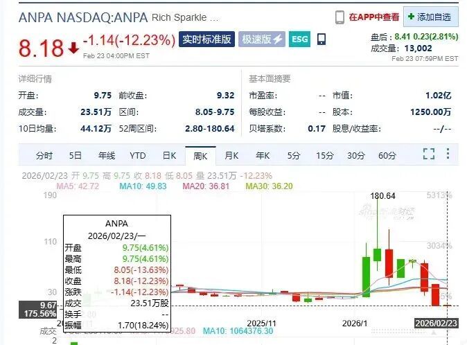 现在我们来看 ANPA 的股价走势图,堪称恐怖片。
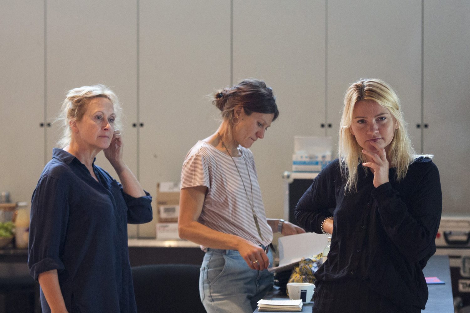 Pendant 1h40, on reste donc à l’extérieur face à un spectacle de désolation mentale. La frêle France et Mme Diss sont bientôt rejointes par Nancy, l’ex-femme qui pleure la mort de son fils Jacky. Obligée de soudoyer sa belle-mère pour lui extorquer des souvenirs, elle revit le calvaire de l’adolescent enfermé dans une cage avec des serpents. Du secret familial enfoui et larvé on passe au thriller terrifiant. Gardant cette intrigue en toile de fond, Hélène Alexandridis, Bénédicte Cerutti et Tiphaine Raffier s’écharpent continuellement, accusant – parfois à demi-mot, parfois sans retenu – l’homme de tous les maux. Sauf qu’ici personne ne parvient à l’affronter frontalement.
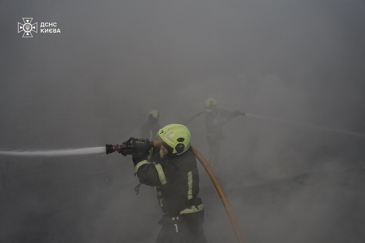 Пожежі в Святошинському районі Києва локалізовані, триває ліквідація наслідків. У ДСНС підтвердили, що внаслідок атаки російських військ постраждали двоє людей.
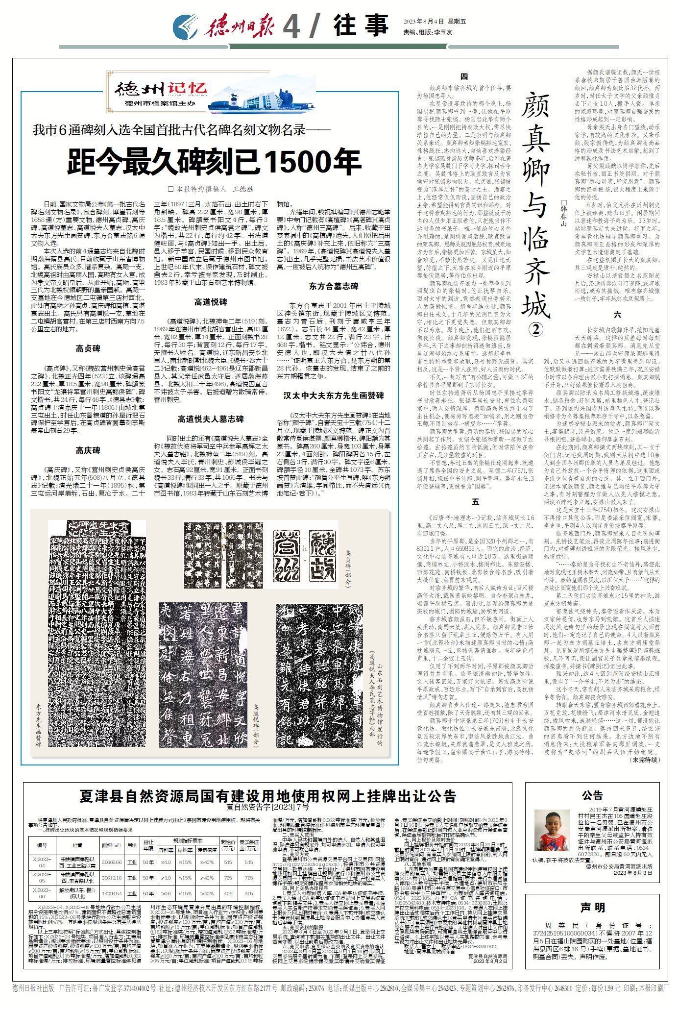 在此期间,颜真卿撰文两块碑刻,其一立于衙门内,记述武周时期,武则天从朝中选10余人到全国各州郡任职的人员名单及经过。他想为自己外放找一个合乎情理的依据,这里面或多或少包含着自慰的心态。其二立于西门外,记述本家族颜斐、颜之推与己均任平原郡太守之事,有时刻警醒为官做人以先人楷模之意。两块石碑还未立起,安禄山派人来了。

☆ ☆ ☆ ☆ ☆ ☆ ☆

_Exercise goal_
Your response must consist of the material above, reproduced word for word, with the images omitted.

_Answer space_
 现在我们来看 ANPA 的股价走势图,堪称恐怖片。
 Pendant 1h40, on reste donc à l’extérieur face à un spectacle de désolation mentale. La frêle France et Mme Diss sont bientôt rejointes par Nancy, l’ex-femme qui pleure la mort de son fils Jacky. Obligée de soudoyer sa belle-mère pour lui extorquer des souvenirs, elle revit le calvaire de l’adolescent enfermé dans une cage avec des serpents. Du secret familial enfoui et larvé on passe au thriller terrifiant. Gardant cette intrigue en toile de fond, Hélène Alexandridis, Bénédicte Cerutti et Tiphaine Raffier s’écharpent continuellement, accusant – parfois à demi-mot, parfois sans retenu – l’homme de tous les maux. Sauf qu’ici personne ne parvient à l’affronter frontalement.
 Пожежі в Святошинському районі Києва локалізовані, триває ліквідація наслідків. У ДСНС підтвердили, що внаслідок атаки російських військ постраждали двоє людей.
 在此期间,颜真卿撰文两块碑刻,其一立于衙门内,记述武周时期,武则天从朝中选10余人到全国各州郡任职的人员名单及经过。他想为自己外放找一个合乎情理的依据,这里面或多或少包含着自慰的心态。其二立于西门外,记述本家族颜斐、颜之推与己均任平原郡太守之事,有时刻警醒为官做人以先人楷模之意。两块石碑还未立起,安禄山派人来了。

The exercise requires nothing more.